Changes to this policy

This privacy notice is kept under regular review, and new versions will be available on our privacy notice page on our website. This privacy notice was last updated on 18 July 2023.

  1. As the update made to the payment percentage in 2023 did not take effect until 1 April 2023, an adjusted payment percentage of 28.6% was set for any company that made a payment in the first quarter of 2023 at the lower rate of 24.4%. The purpose of this is to give an overall average payment percentage equivalent to 27.5% for all scheme members in 2023 regardless of when sales took place during 2023. If the statutory scheme were to remain unchanged this profiling of the payment percentage would not occur again in 2024 and the 27.5% payment percentage would apply from 1 January 2024. 

  2. Specifically, a list price below £2. 

  3. Specifically recommendations under paragraph 13 of the JCVI terms of reference

  4. The definition of a central government body would be in line with as that used in VPAS, which is that: a central government body means a government department, non-ministerial department or executive agency (but, for the avoidance of doubt, excludes a non-departmental public body such as, without limit, NHS England) as defined in the central government classification of the public sector classification guide, as published and amended from time to time by the Office for National Statistics. 

  5. Where a manufacturer or supplier launches a new combination product containing 2 or more active substances, we propose that sales of such a new combination medicinal product will not be deemed to be a ‘newer product’ unless one of the active substances meets the definition of a ‘newer product’. 

  6. This is limited to the first launch of a new competitor product only.

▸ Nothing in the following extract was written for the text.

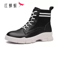 红蜻蜓休闲鞋女春秋高帮系带女鞋学生时尚低筒短靴厚底显高休闲运动皮鞋女靴子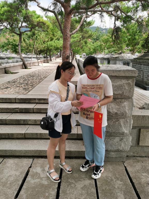 之后实践队员进行烈士陵园以及展馆参观。进入烈士陵园后,首先映入眼帘的就是革命英雄纪念碑,高大耸立的碑体,碑石下面篆刻的一个个革命先烈奋勇拼搏的身影,无不在显示着当年革命的壮烈,先辈们牺牲时的毫无畏惧的精神,以及百姓们对革命的支持。在纪念碑的后面,是一位位革命烈士的墓碑,在这里长眠的各位烈士他们并不孤独,与队员预想中的荒凉孤寂不同,烈士陵园到处是青葱的绿叶,夏意盎然,生机勃勃。陪伴他们的不仅是一处处绿植,还有在此一年又一年守护着他们的附近老人。

Suppliers would not have the benefit of access to this period were they to withdraw and subsequently relaunch a product. Similarly, were a supplier to transfer ownership of a product to another supplier, the new owner of the product would not have access to this period for the product in question. 

  7. With the exception of products that claim greater than 80% market share in their own right before the end of their first year (because they become dominant suppliers and so can charge greater prices), and with the exception of small molecule products that are branded by choice. 

  8. If the active substance of a biosimilar or branded generic reaches 12 years from marketing authorisation within 12 months of that biosimilar or branded generic launching, then that biosimilar or branded generic will be defined as a new competitor only from when the active substance reaches 12 years from marketing authorisation, and only until the 12 months has elapsed from the launch date of that biosimilar or branded generic.